Ever wonder what a Cook County Commissioner actually does? ChicagoTalks reporters shed light on county board activities.
“Most people don’t know what a commissioner does or who a commissioner is until they need them,” said Cristina Saldana, director of operations for Commissioner John Fritchey.
Stemming from this concern is the decision to reduce the number of meetings from 17 to 11 in 2014, sparking debate among commissioners at the Cook County Board meeting Dec. 4.
Commissioners fear their constituents attribute their work to the number of board meetings. But, a lot of work is done in a commissioner’s district office, a job more demanding than people realize, said Earlean Collins, commissioner for the 1st District.

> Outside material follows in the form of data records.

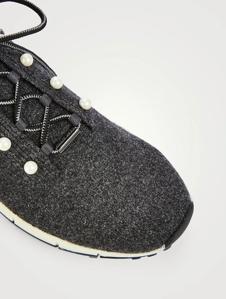 The Veles trainers are a unique design crafted from cashmere complemented by pearl-embellished eyelets. Designed with a sock-like upper for a comfortable fit, this lightweight style also features a flexible sole.
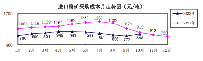 2022年1-10月,煉焦煤累計(jì)采購成本同比增長38.08%;冶金焦同比增長7.54%;國產(chǎn)鐵精礦同比下降26.47%,進(jìn)口粉礦同比下降26.43%;廢鋼同比下降2.33%。
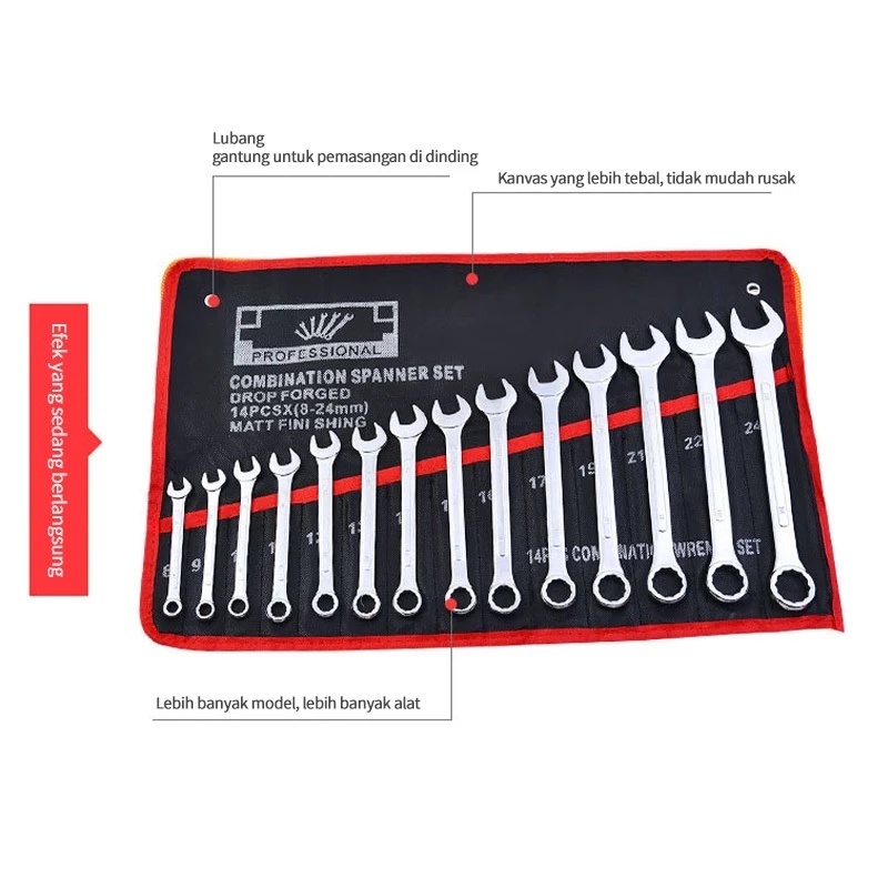 Kunci Ring Pas Set 14pcs Bison Pas 8-24mm Ring set Spanner set Kuat Anti Karat Alat Perkakas combination Wrench Tool Superman Kunci Ring Pas Full Set Lengkap

“Most of the public doesn’t even understand the number of hours that many of us put into our work doing county board business not here at the regular board meetings,” Collins said.
So what do board members do?
It may come as a surprise to some that the board handles $3.5 billion of taxpayer money.
Board members make laws concerning public health and safety for 5.1 million people, said Brian Ceci, director for Commissioner John Fritchey.
Each commissioner represents 300,000 to 350,000 people in their district, and their salary is $85,000, said Saldana.
After talking to 11 county officials, many were able to talk about the issues they deal with, but not the specifics of their work.
Janet Trowbridge, senior policy analyst for Commissioner Gregg Goslin, said they work with the high school students, creating a Career Day for students to think of their future.
In contrast to Trowbridge’s emphasis, Commissioner Joan Patricia Murphy deals with “deer eating shrubs and floods disrupting roadways,” Pat Caplis said, a staff member for Murphy.
Commissioner Bridget Gainer said she focuses on pension reform, the juvenile detention center, population and foreclosures. She also said the county is in charge of property taxes and helps constituents file taxes.
Jesús García, commissioner for Cook County’s 7th District, said a majority of his work is dealing with constituents who do not speak English.
“Language access and language barriers are an important part of the services we provide,” Garcia said. “People come to us for everything [such as] seeking information translation, and orientation about who their alderman is. We do a lot of referral of services.”
Vanessa Dennis, chief of staff for 3rd District Commissioner Jerry Butler, said their office works with local law enforcement to combat gun violence in Englewood.
“It just so happens the commissioners end up being the first instance people think about when they think of the county,” Saldana said. “They have done a good job in letting the residents know that they are there for them.”
The next Cook County Board meeting will be held at 9 a.m. Jan. 15 at City Hall, 118 N. Clark St.